The method for recognizing an action provided by the embodiments: divides the acquired video into respective video clips, determines the respective target objects existing in the video clips, constructs the spatio-temporal graph of a target object belonging to a video clip, divides the adjacent spatio-temporal graphs into a same spatio-temporal graph subset, and/or divides the spatio-temporal graphs of the same target object in the adjacent video clips into a same spatio-temporal graph subset, and determines the plurality of target subsets from the plurality of spatio-temporal graph subsets. Since the adjacent spatio-temporal graphs in the same video clip reflect the position relationship between target objects, and the spatio-temporal graphs of the same target object in the adjacent video clips may reflect the changing state of the positions of the target object in the video playing process, by dividing the adjacent spatio-temporal graphs in the same video clip into a same spatio-temporal graph subset, and/or dividing the spatio-temporal graphs of the same target object in the adjacent video clips into a same spatio-temporal graph subset, it is conducive to dividing the spatio-temporal graphs representing the changes of the actions of the target objects into the same spatio-temporal graph subsets, and the determined respective spatio-temporal graph subsets may comprehensively represent the respective actions of the target objects in the video clips, thereby improving the accuracy of recognizing the actions.
Further referring to
Step 701, acquiring a video clip and determining at least two target objects in the video clip.
Step 702, connecting, for each target object of the at least two target objects, positions of the target object in respective video frames of the video clip to construct a spatio-temporal graph of the target object.
Step 703, dividing a plurality of spatio-temporal graphs constructed for the at least two target objects into a plurality of spatio-temporal graph subsets.
In this embodiment, at least two spatio-temporal graphs constructed for the at least two target objects are divided into a plurality of spatio-temporal graph subsets.
Step 704, acquiring a feature vector of each spatio-temporal graph in the spatio-temporal graph subsets.
In this embodiment, the feature vector of each spatio-temporal graph in the spatio-temporal graph subsets may be acquired.

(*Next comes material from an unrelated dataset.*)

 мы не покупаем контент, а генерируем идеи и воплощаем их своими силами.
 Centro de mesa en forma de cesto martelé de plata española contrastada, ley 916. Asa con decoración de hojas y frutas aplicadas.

Particularly, a video clip including the spatio-temporal graphs is input into a pre-trained neural network model to obtain the feature vector of each spatio-temporal graph output by the neural network model. The neural network model may be a recurrent neural network, a deep neural network, a deep residual neural network, or the like.
In some alternative embodiments, the acquiring a feature vector of each spatio-temporal graph in the spatio-temporal graph subsets includes: acquiring spatial feature and visual feature of each spatio-temporal graph by using a convolutional neural network.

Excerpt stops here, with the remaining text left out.